Il sait que Marie est là, à Paris, arrivée de Varsovie avec son frère. Elle l'attend. Duroc l'a installée dans un hôtel particulier, au 48 de la rue de la Victoire.
Napoléon saute de voiture et traverse d'un pas rapide la cour des Tuileries. Sur le perron, malgré le froid de cette nuit du 1er
janvier 1808, les ministres et les dignitaires s'empressent pour le saluer. Le palais est illuminé. Il les ignore, se dirige vers Talleyrand, l'entraîne dans le salon proche du cabinet de travail.Marie est là, mais il doit prendre des décisions. La politique est sa seule souveraine absolue. Il ne peut se rendre auprès de Marie s'il n'a pas mis de l'ordre dans ses idées.
Durant ce voyage d'une semaine entre Milan et Paris, il a écrit, dicté, pensé.
Il a ordonné que de nouvelles troupes entrent en Espagne. Il doit être prêt à saisir l'occasion, si elle se présente, d'assujettir ce royaume à l'Empire. « Pays de moines et de prêtres qui a besoin d'une révolution ! » marmonne-t-il en se tournant vers Talleyrand. Et comme tout se tient, ajoute-t-il, il a demandé au général Miollis d'occuper Rome, puisque Pie VII s'obstine à ne pas interdire les relations des États pontificaux avec l'Angleterre.
Marie est là, mais il doit conférer avec Talleyrand.
Il arrête d'un mot les politesses et les compliments que le prince de Bénévent a commencé d'égrener. Point de faux-fuyant. Que pense Talleyrand de la situation en Espagne ?
- Si la guerre s'allumait, dit Napoléon, tout serait perdu. C'est à la politique et aux négociations qu'il appartient de décider des destinées de l'Espagne.

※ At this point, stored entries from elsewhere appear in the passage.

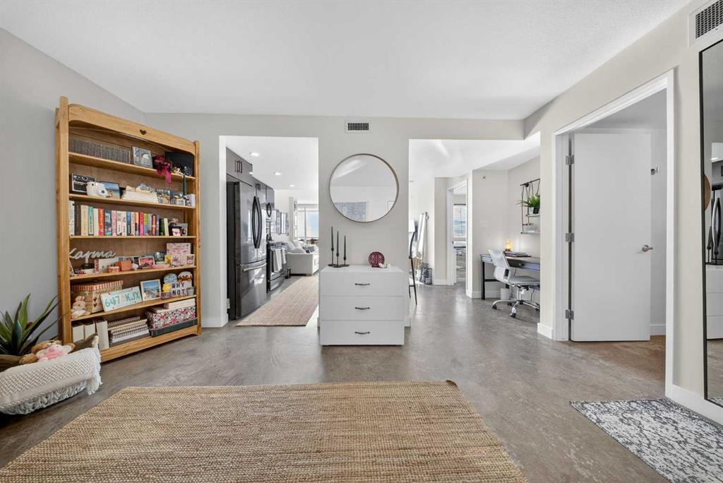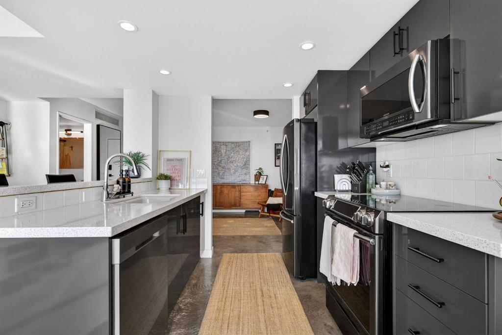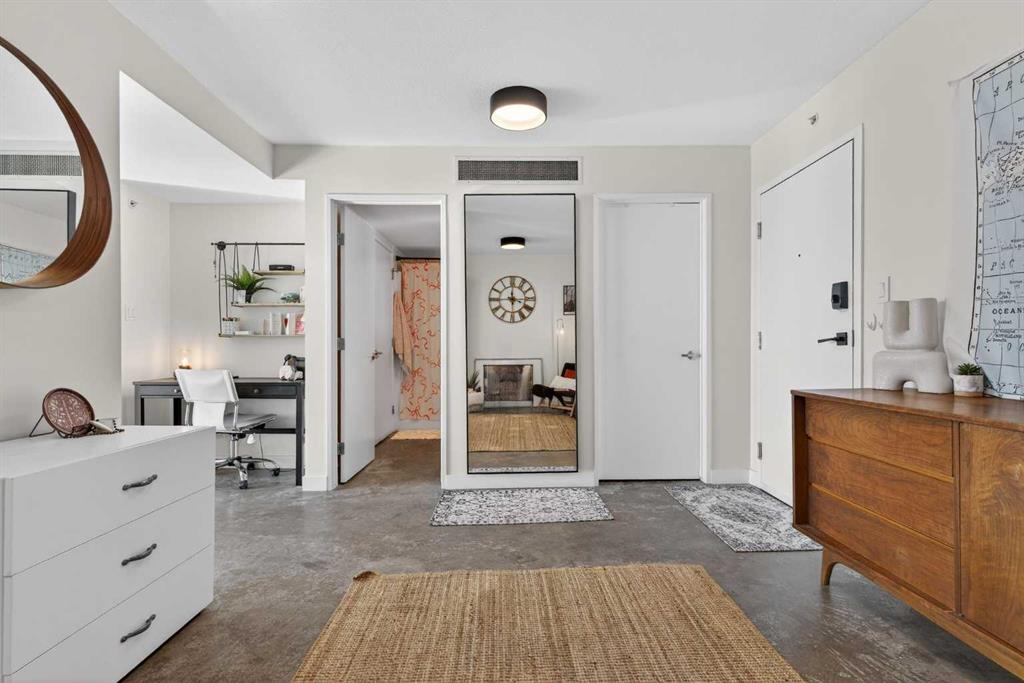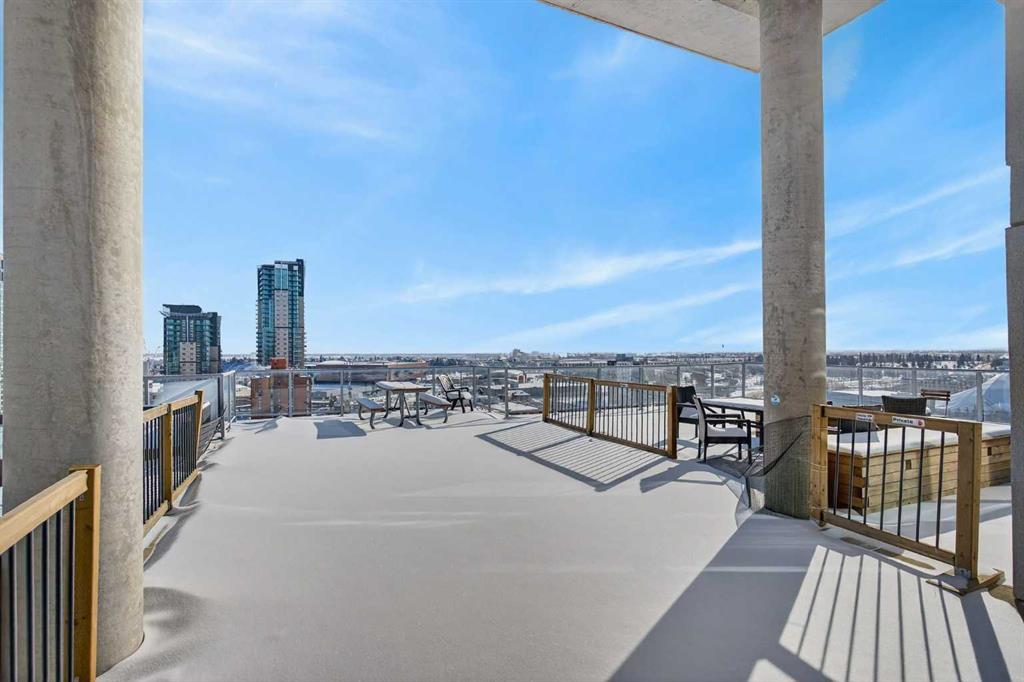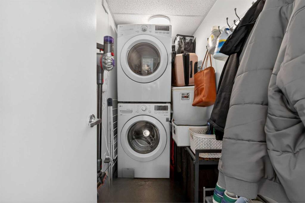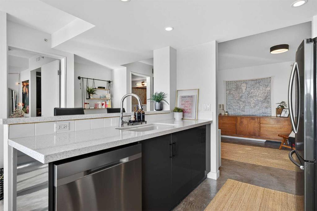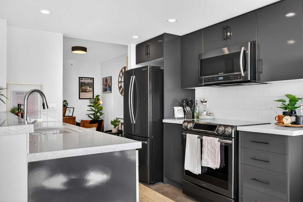 Welcome home! This 18th floor condo offers over 700 square feet of well-designed space with a functional, open layout that feels bright and connected. The kitchen features a breakfast bar for casual meals and opens directly into the living area. Floor to ceiling, south facing windows bring in natural light throughout the day, and the balcony offers open views with plenty of afternoon and evening sun with views of the mountains on a clear day. The primary bedroom includes a walk-through closet with cheater access to the 4-piece bathroom, creating a practical and efficient layout. There is also a generous flex space that could be used as a dining area, home office, reading corner, or a dedicated yoga or wellness space depending on your needs. In unit laundry and air conditioning add everyday comfort. A titled underground parking stall makes parking easy, and the building amenities include a recreation room, outdoor terrace/picnic area, and a rooftop patio with wide city and Stampede Park views. Located in the heart of the Beltline, you are close to 17th Avenue, MacLeod Trail, schools, shopping, and dining options. Book your showing with your favourite REALTOR® today.
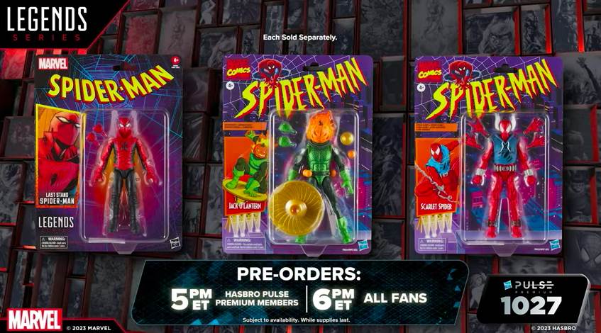 Hasbro Pulse hosted their live 1027 event today, sharing a look at some new toys from their various properties, including Marvel. The team revealed three new Spider-Man figures: Last Stand Spider-Man, Jack-O-Lantern and Scarlet Spider.
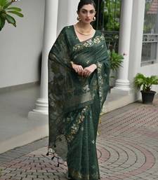 Green color jute art silk saree with blouse
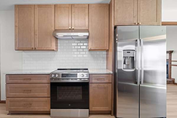 - Dishwasher, Electric Oven, Electric Range, Refrigerator, Stainless Steel Appliance(s)
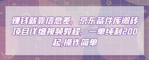赚钱就靠信息差,京东备件库搬砖项目详细视频教程,一单纯利200,操作简单
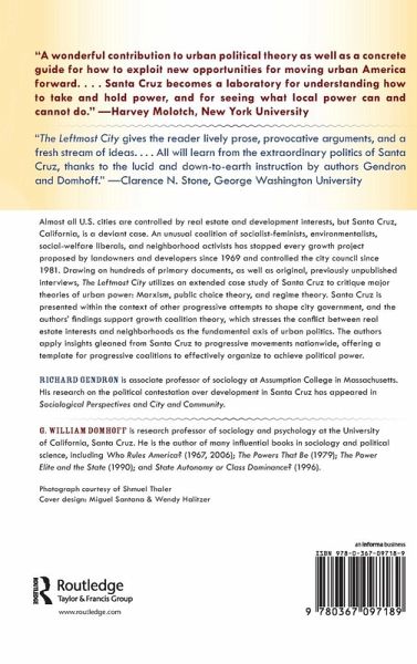 Drawing on hundreds of primary documents, as well as original, previously unpublished interviews, The Leftmost City utilizes an extended case study of Santa Cruz to critique three major theories of urban power: Marxism, public-choice theory, and regime theory.
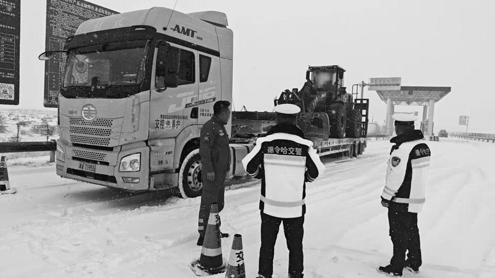 近日,德令哈地区持续降雪,一定程度上影响市民出行,海西州公安局交警支队迅速行动,组织全州公安交管部门快速转入应对勤务模式。 在现场,交警们不畏严寒,坚守岗位,与交通运输、应急管理、气象、公路养护等部门紧密协作,积极引导车辆有序通行,通过警车带道等方式,确保车辆减速慢行。同时,高效统筹做好交通管控与除雪融冰有序衔接,铲雪车等除雪设备在交警的指挥下紧张作业,全力保障道路交通平稳有序,为市民安全出行保驾护航。本报记者 张萍 摄影报道
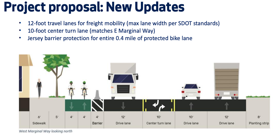 SDOT also presented a cross-section of the planned configuration for all lanes within the segment where the bike lane would go. The Freight Advisory Board has been concerned about lane widths, even presenting their own possible configuration that showed freight trucks in 10.5-foot lanes in both directions along Marginal. One 12-foot lane would be maintained in one direction, with the center turn lane and the remaining northbound lane becoming ten feet wide. With four feet for the buffer with the Jersey barrier in it, that leaves four feet for each direction in the bike lane, a tight squeeze but likely the best that could be accommodated given the constraints here.
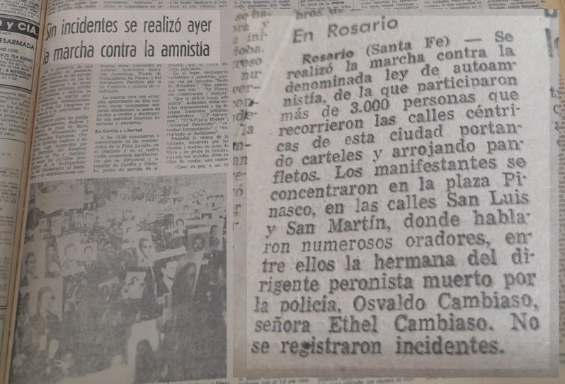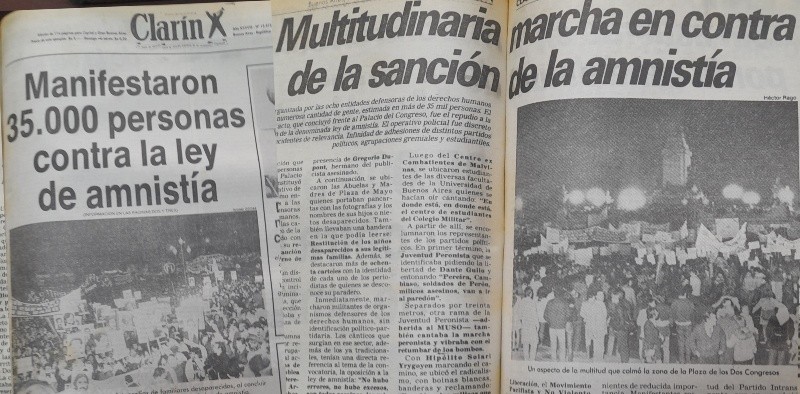 La certeza de una inminente ley generó “un movimiento muy intenso, pronunciamientos de organismos de derechos humanos, de entidades políticas, marchas, concentraciones, que justamente rechazaban la denominada ley de pacificación y, además, reclamaban saber qué era lo que había sucedido con las personas desaparecidas”, aclaró la autora del libro "Historia de la última dictadura militar".

Talleyrand approuve, incline la tête.
- La Couronne d'Espagne a appartenu depuis Louis XIV à la famille qui régnait sur la France, murmure-t-il. C'est donc une des belles portions de l'héritage du grand roi.
Il hausse le ton.
- Et cet héritage, l'Empereur doit le recueillir tout entier ; il n'en doit, il n'en peut abandonner aucune partie.
Napoléon fixe longtemps Talleyrand. Le vice-Grand Électeur est rarement aussi net dans ses avis.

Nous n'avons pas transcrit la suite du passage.